##### ENTRIES SHOWN #####

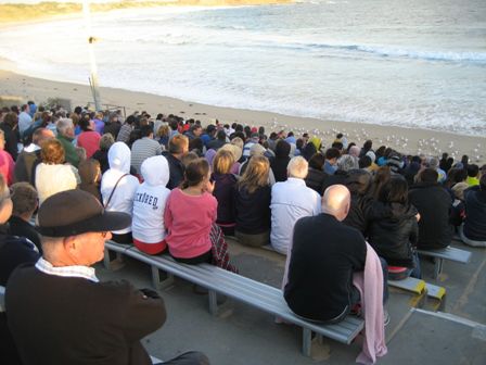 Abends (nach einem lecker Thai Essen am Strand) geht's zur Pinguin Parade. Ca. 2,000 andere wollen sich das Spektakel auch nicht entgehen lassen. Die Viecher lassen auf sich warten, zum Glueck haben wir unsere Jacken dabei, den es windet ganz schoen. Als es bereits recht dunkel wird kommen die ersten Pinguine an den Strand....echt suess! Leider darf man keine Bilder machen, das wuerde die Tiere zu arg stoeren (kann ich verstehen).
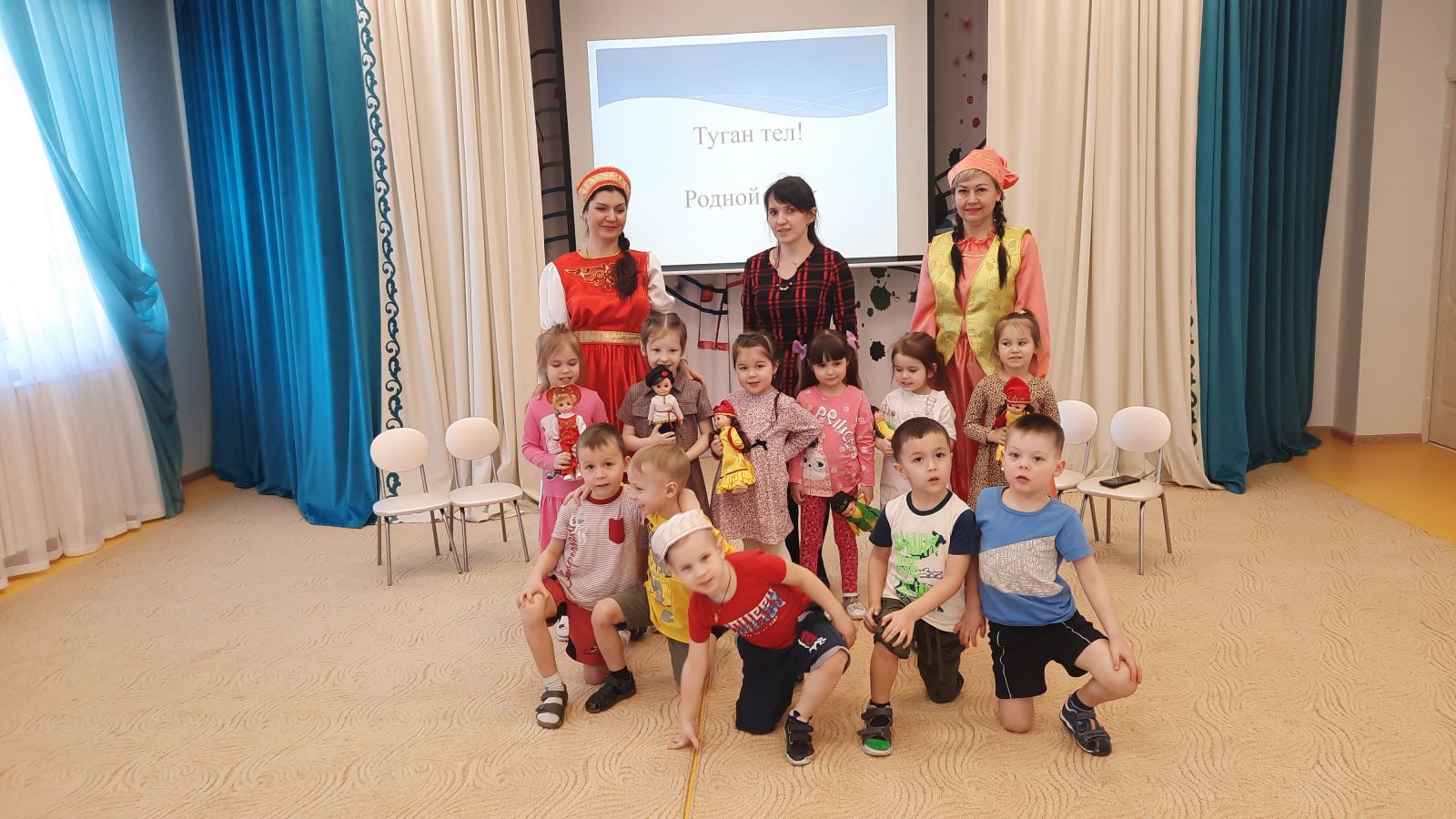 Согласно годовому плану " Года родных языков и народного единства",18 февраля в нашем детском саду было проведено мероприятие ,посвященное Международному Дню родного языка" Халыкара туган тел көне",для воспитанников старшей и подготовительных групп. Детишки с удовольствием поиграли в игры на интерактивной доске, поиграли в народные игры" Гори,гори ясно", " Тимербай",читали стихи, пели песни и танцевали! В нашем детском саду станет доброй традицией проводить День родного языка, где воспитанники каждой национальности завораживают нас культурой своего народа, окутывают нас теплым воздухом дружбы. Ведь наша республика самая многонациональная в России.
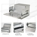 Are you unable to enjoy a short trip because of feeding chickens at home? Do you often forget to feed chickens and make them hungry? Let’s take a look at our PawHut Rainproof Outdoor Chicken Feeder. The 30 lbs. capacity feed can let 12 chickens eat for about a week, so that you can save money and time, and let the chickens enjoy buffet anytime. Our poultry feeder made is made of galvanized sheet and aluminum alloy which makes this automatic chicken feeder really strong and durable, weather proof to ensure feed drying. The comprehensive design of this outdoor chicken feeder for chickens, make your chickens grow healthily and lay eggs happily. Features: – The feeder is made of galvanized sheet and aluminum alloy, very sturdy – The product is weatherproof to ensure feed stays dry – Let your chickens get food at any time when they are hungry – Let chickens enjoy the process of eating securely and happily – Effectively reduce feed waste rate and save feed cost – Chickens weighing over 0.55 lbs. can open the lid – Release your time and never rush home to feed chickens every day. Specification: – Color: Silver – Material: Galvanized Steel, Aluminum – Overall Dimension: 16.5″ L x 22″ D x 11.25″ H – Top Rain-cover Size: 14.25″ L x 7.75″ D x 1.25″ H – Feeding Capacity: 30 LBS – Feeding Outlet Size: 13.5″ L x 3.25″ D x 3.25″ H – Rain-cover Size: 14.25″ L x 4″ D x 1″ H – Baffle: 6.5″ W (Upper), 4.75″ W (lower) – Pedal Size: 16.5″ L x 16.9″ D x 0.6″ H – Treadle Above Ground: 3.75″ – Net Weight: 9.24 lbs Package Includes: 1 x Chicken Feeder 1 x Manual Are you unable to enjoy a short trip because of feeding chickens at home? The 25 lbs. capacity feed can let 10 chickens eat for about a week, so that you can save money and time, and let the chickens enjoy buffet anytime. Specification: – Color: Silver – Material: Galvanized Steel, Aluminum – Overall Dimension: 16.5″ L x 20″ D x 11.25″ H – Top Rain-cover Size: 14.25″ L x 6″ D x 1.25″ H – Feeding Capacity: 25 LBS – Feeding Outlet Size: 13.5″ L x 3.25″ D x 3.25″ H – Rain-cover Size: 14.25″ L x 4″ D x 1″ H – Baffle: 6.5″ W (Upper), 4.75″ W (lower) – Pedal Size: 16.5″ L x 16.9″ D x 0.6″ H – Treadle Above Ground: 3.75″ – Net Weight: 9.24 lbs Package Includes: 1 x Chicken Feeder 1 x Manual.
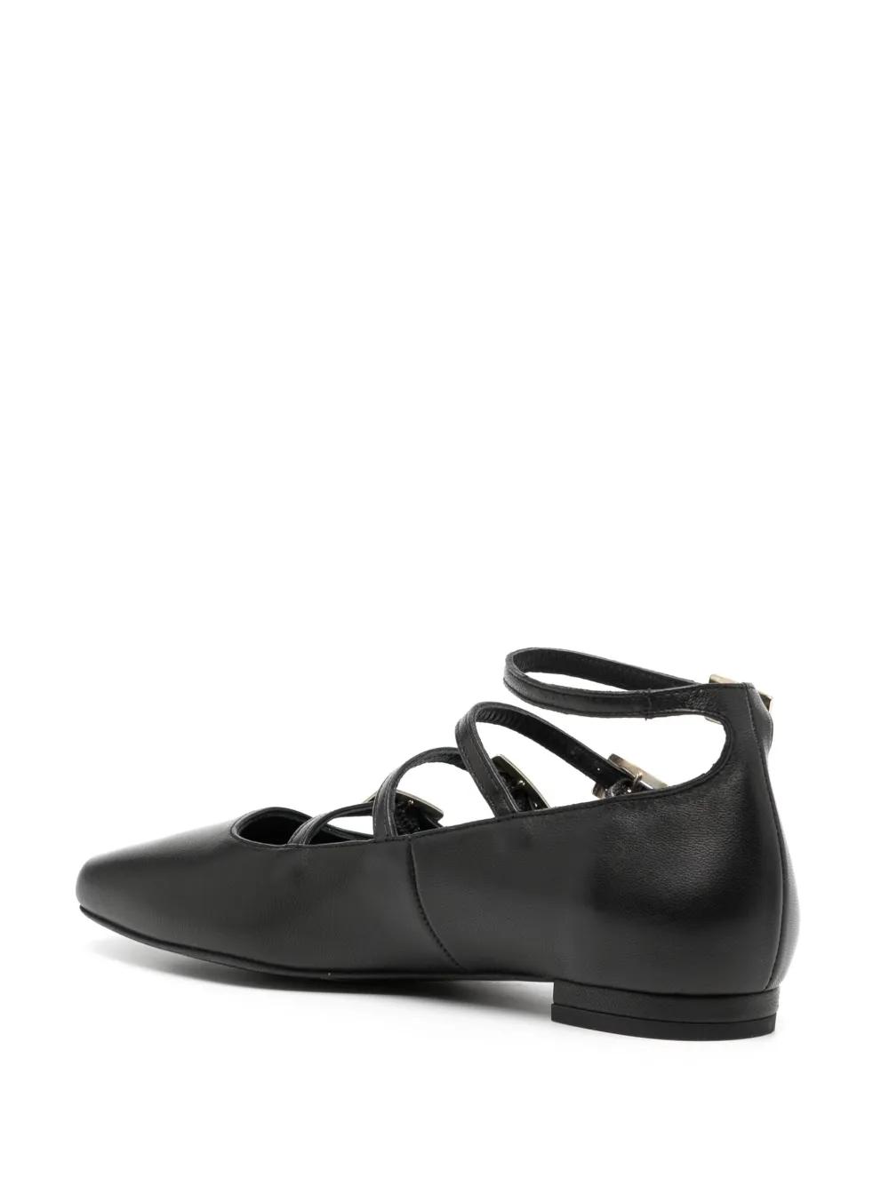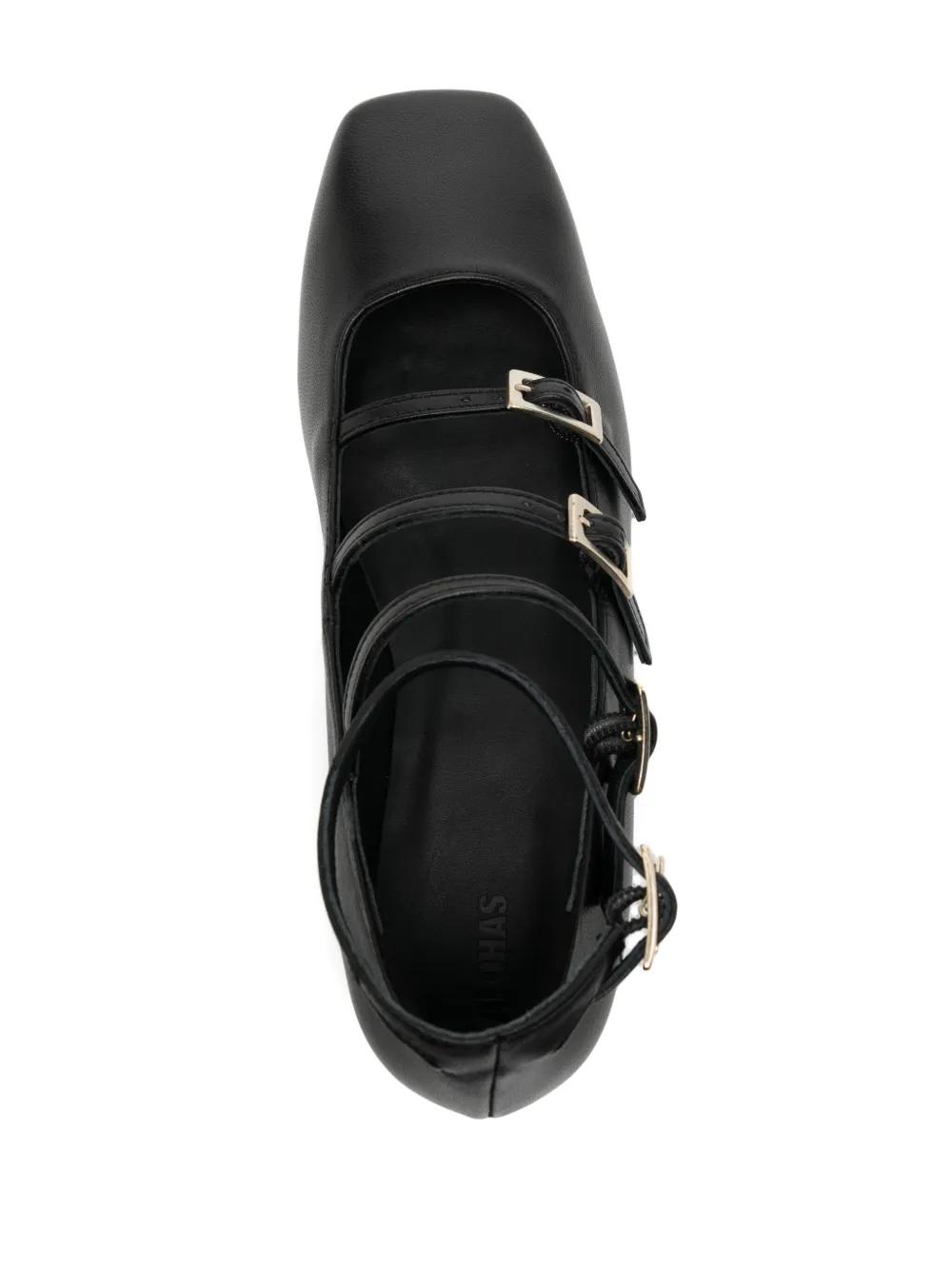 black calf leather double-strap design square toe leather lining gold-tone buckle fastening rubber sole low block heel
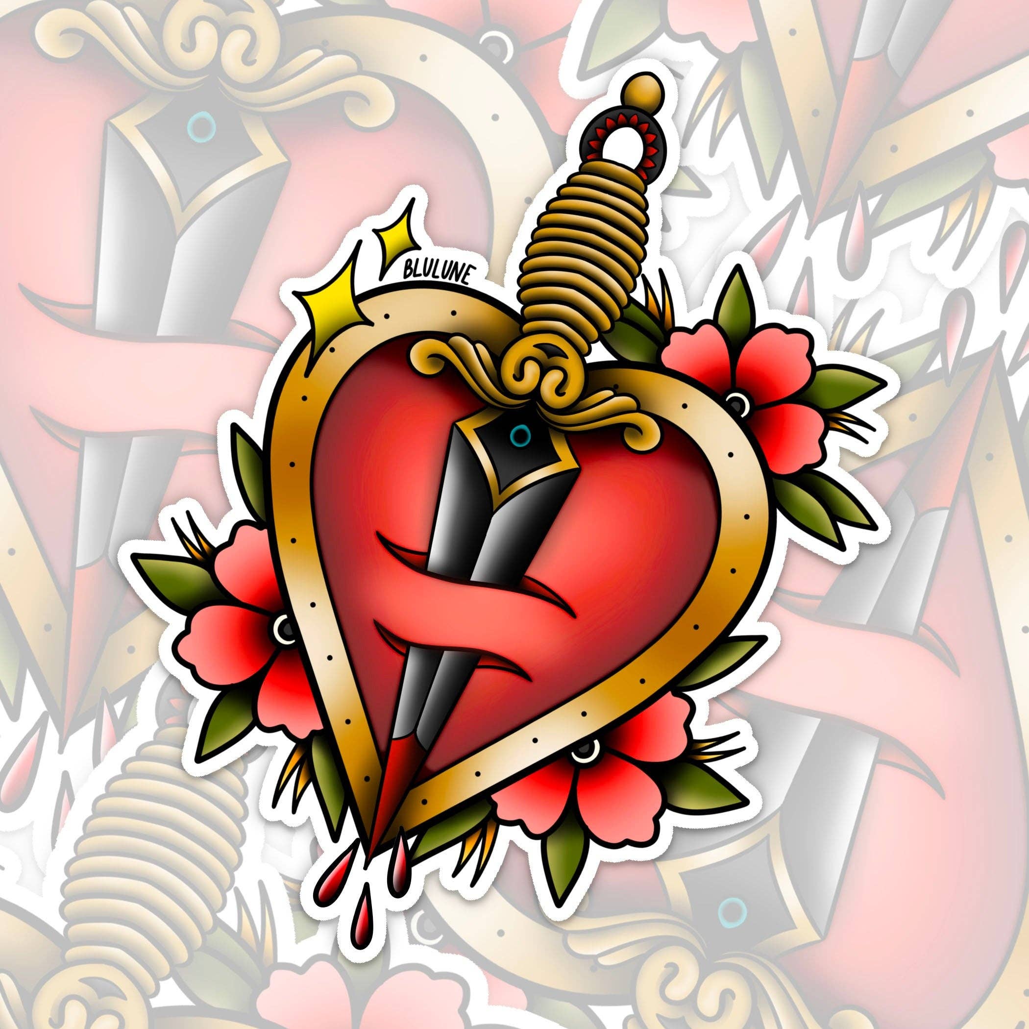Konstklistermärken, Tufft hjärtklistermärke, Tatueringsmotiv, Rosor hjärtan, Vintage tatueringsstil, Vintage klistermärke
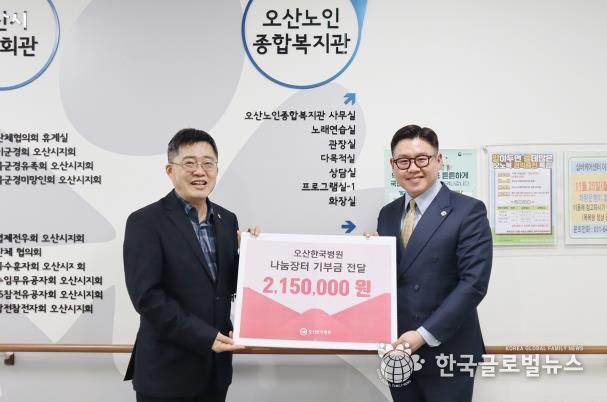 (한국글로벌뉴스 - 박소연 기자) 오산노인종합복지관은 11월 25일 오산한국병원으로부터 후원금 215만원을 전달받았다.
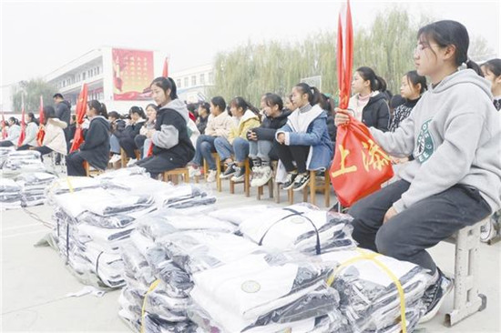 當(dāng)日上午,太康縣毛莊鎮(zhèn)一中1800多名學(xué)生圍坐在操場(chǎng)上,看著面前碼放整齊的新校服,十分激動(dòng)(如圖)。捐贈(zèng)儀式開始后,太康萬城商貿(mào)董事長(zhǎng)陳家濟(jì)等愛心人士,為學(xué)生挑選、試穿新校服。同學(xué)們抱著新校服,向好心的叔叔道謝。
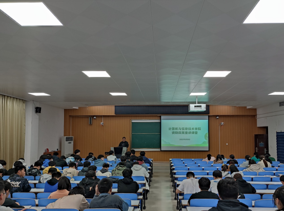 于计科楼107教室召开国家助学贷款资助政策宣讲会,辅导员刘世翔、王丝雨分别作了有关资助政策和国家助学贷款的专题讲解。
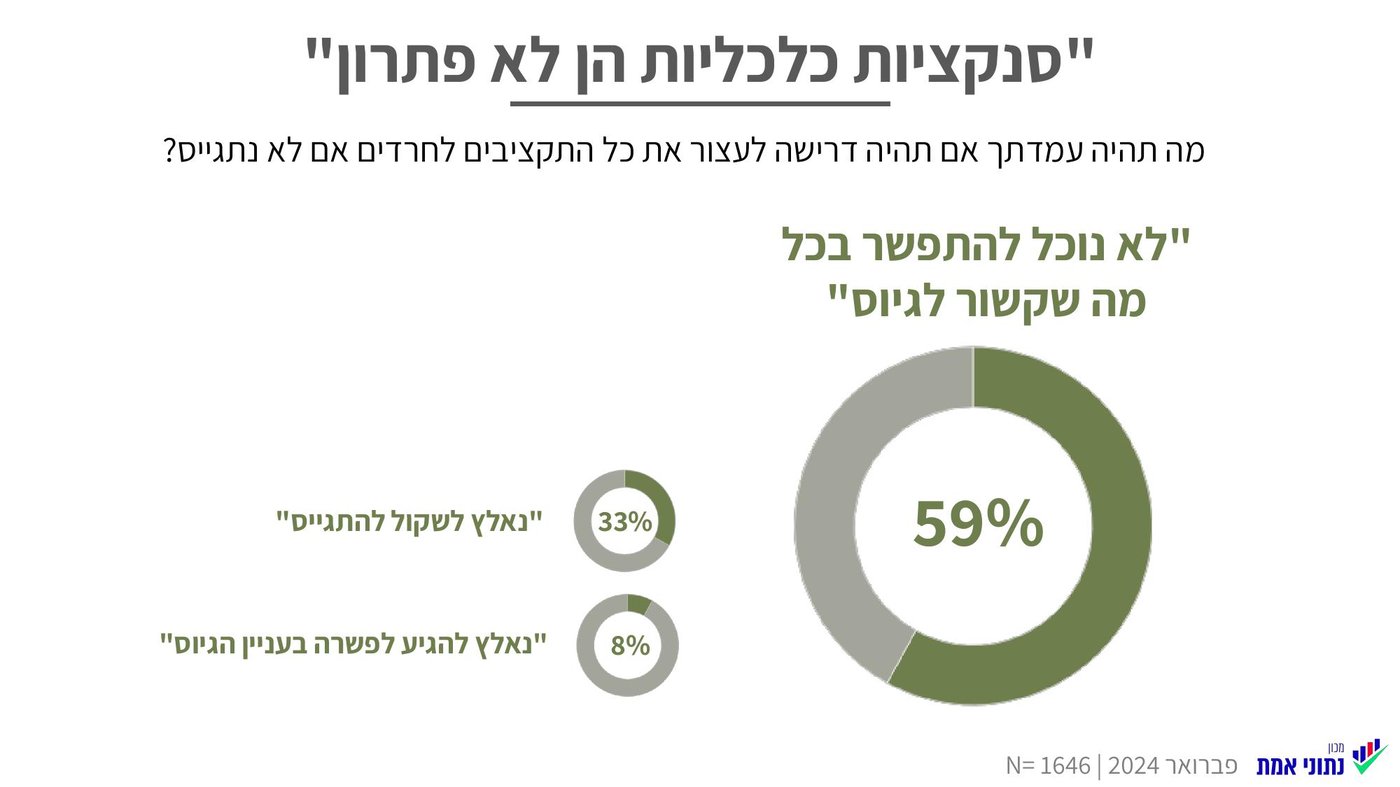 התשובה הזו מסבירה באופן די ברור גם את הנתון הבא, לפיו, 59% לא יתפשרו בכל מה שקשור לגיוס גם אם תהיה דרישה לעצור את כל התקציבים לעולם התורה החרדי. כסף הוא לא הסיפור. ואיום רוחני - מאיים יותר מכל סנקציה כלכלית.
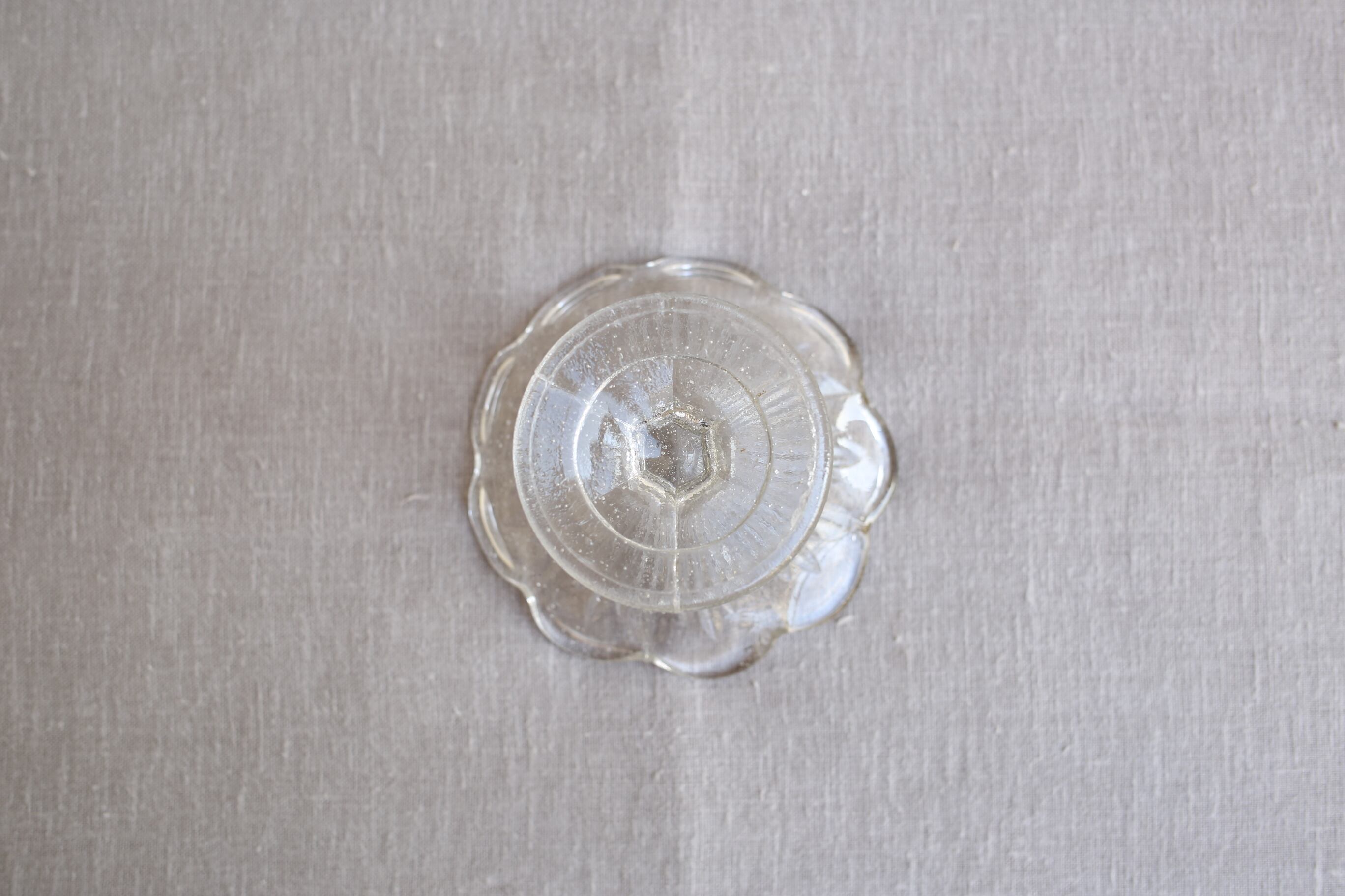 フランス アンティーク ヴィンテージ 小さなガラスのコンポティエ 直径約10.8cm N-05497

#####

WHAT IS REQUIRED
The answer should contain only the lines from the one with "black calf leather" through the last line of the material, given word for word and without pictures.

RESPONSE
 black calf leather double-strap design square toe leather lining gold-tone buckle fastening rubber sole low block heel
Konstklistermärken, Tufft hjärtklistermärke, Tatueringsmotiv, Rosor hjärtan, Vintage tatueringsstil, Vintage klistermärke
 (한국글로벌뉴스 - 박소연 기자) 오산노인종합복지관은 11월 25일 오산한국병원으로부터 후원금 215만원을 전달받았다.
 當(dāng)日上午,太康縣毛莊鎮(zhèn)一中1800多名學(xué)生圍坐在操場(chǎng)上,看著面前碼放整齊的新校服,十分激動(dòng)(如圖)。捐贈(zèng)儀式開始后,太康萬城商貿(mào)董事長(zhǎng)陳家濟(jì)等愛心人士,為學(xué)生挑選、試穿新校服。同學(xué)們抱著新校服,向好心的叔叔道謝。
 于计科楼107教室召开国家助学贷款资助政策宣讲会,辅导员刘世翔、王丝雨分别作了有关资助政策和国家助学贷款的专题讲解。
 התשובה הזו מסבירה באופן די ברור גם את הנתון הבא, לפיו, 59% לא יתפשרו בכל מה שקשור לגיוס גם אם תהיה דרישה לעצור את כל התקציבים לעולם התורה החרדי. כסף הוא לא הסיפור. ואיום רוחני - מאיים יותר מכל סנקציה כלכלית.
 フランス アンティーク ヴィンテージ 小さなガラスのコンポティエ 直径約10.8cm N-05497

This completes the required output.